Students will study various correlating biomarkers (i.e., features) and implement state-of-the-art ML models to obtain a high classification performance and optimize the chosen algorithms in terms of detection accuracy and latency.       

Objectives​: 1. Understanding of the basic problems and research directions in neural engineering. 2. Applying machine learning algorithms to a real world (and challenging) application. 3. Gaining experience in biomedical signal processing.

Required knowledge: ​1. Programming skills (Python or Matlab) 2. Basic knowledge of ML and signal processing. Note: Neuroscience knowledge is not required.               
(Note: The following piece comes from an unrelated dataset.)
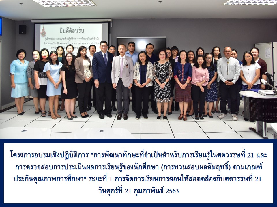 กุมภาพันธ์ 21, 2020Published by Mookkarin on กุมภาพันธ์ 21, 2020Categories ข่าวประชาสัมพันธ์ ภาพกิจกรรมโครงการอบรมเชิงปฏิบัติการ “การพัฒนาทักษะที่จำเป็นสำหรับการเรียนรู้ในศตวรรษที่ 21 และการตรวจสอบการประเมินผลการเรียนรู้ของนักศึกษา (การทวนสอบผลสัมฤทธิ์) ตามเกณฑ์ประกันคุณภาพการศึกษา” ระยะที่ 1 การจัดการเรียนการสอนให้สอดคล้องกับศตวรรษที่ 21สำนักประกันคุณภาพการศึกษา … อ่านเพิ่มเติม โครงการอบรมเชิงปฏิบัติการ “การพัฒนาทักษะที่จำเป็นสำหรับการเรียนรู้ในศตวรรษที่ 21 และการตรวจสอบการประเมินผลการเรียนรู้ของนักศึกษา (การทวนสอบผลสัมฤทธิ์) ตามเกณฑ์ประกันคุณภาพการศึกษา” ระยะที่ 1 การจัดการเรียนการสอนให้สอดคล้องกับศตวรรษที่ 21
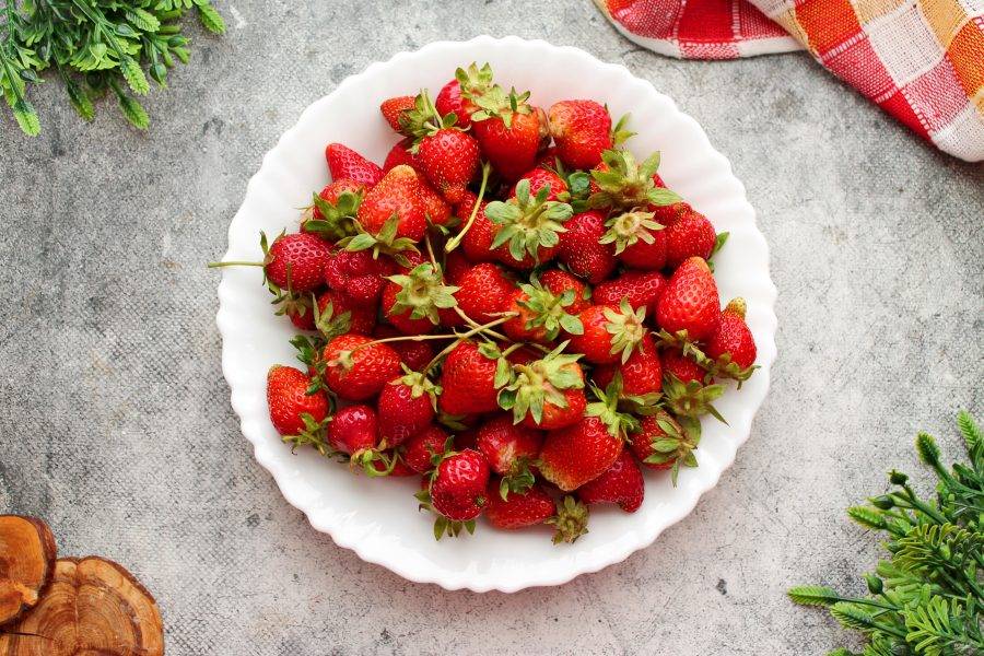 Клубнику переберите, удаляя порченые ягоды. Выложите в сито и вымойте под проточной водой, дайте жидкости полностью стечь.

Preferred knowledge: ​1. Able to implement and improve state-of-the-art ML algorithms. 2. Some knowledge on neural interfaces.                   

Attention models for temporal decoding of neural data            

Models used for sequence transduction have recently shifted from recurrent neural networks to attention mechanism. Such attention-based models (i.e. transformers) have achieved great success in the field of natural language processing. Neurological recordings (i.e., the electrical activity of the brain recorded by invasive or noninvasive electrodes) can be considered as multi-channel time sequences. While RNNs have shown promise in many tasks such as motor decoding, the attention mechanism is still unexplored in this context.           

Students will apply attention-based models to process pre-recorded neural data. Students may need to explore the model structure to better fit into a specific neural task. Decoding performance will be compared with conventional approaches (e.g., LSTM). Limitations will be analyzed and solutions will be provided.   

Objectives​: 1. Understanding of the basic problems and research directions in neural engineering. 2. Applying machine learning algorithms to a real world (and challenging) application. 3. Gaining experience in biomedical signal processing.               

Required knowledge: ​1. Programming skills (Python or Matlab) 2. Basic knowledge of ML and signal processing. Note: Neuroscience knowledge is not required.               

Preferred knowledge: ​1. Able to implement and improve state-of-the-art ML algorithms. 2.    Some prior knowledge on brain-machine interfaces.